▶ _Exercise brief_: Quote the lines below from the one containing "Hermes Stainless steel" to the final line, both ends included; exclude the pictures.
______________________________
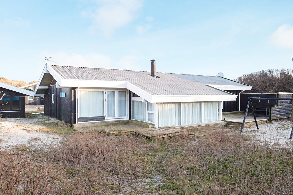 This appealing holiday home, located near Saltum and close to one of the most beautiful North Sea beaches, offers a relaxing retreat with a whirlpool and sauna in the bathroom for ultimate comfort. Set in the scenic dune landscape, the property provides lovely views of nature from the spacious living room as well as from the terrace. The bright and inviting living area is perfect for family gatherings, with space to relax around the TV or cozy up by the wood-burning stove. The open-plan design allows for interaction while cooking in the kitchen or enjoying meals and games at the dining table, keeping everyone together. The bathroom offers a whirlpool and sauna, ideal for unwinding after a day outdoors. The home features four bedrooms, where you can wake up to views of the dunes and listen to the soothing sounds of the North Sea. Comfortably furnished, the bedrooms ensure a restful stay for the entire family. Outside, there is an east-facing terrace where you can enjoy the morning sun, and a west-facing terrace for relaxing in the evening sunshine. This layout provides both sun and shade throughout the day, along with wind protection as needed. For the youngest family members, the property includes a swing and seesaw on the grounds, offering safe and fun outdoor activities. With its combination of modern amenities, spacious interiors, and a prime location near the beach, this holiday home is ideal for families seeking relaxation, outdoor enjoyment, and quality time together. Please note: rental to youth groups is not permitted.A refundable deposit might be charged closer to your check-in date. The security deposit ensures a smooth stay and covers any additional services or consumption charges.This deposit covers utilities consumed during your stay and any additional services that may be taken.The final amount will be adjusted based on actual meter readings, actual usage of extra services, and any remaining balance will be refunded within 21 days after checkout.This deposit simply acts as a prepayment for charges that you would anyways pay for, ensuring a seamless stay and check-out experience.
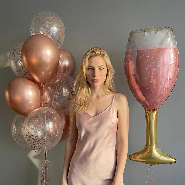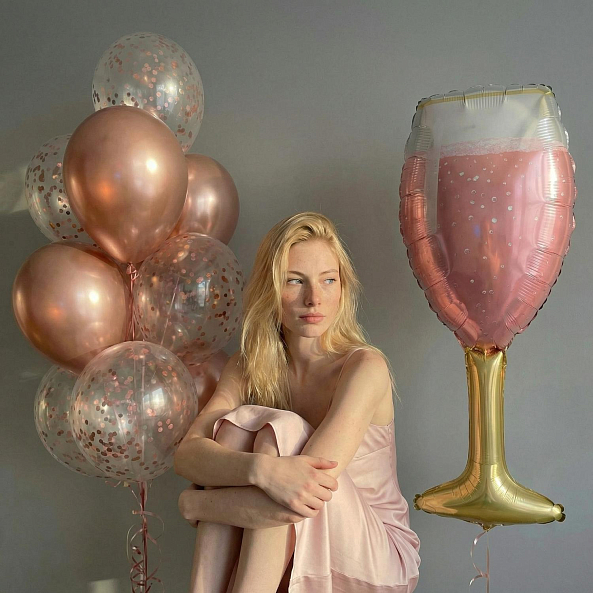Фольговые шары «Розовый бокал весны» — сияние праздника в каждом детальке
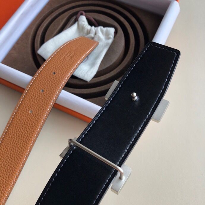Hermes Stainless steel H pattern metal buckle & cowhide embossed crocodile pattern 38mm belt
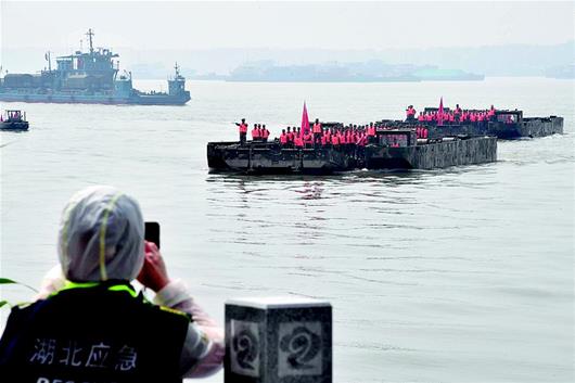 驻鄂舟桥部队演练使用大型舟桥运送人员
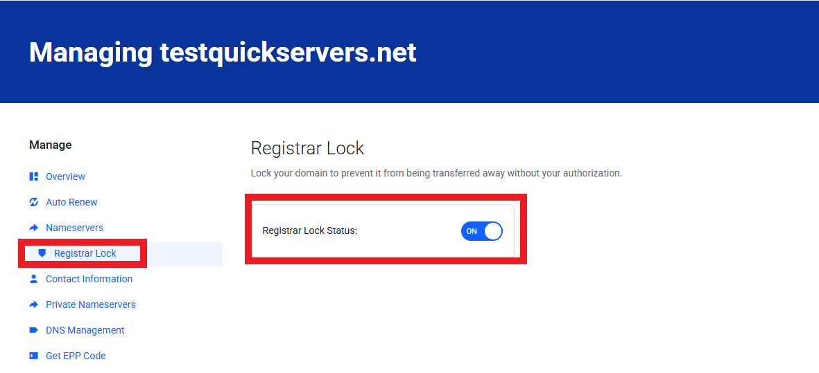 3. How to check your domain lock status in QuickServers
______________________________
▶ _Written response_:
Hermes Stainless steel H pattern metal buckle & cowhide embossed crocodile pattern 38mm belt
 驻鄂舟桥部队演练使用大型舟桥运送人员
 3. How to check your domain lock status in QuickServers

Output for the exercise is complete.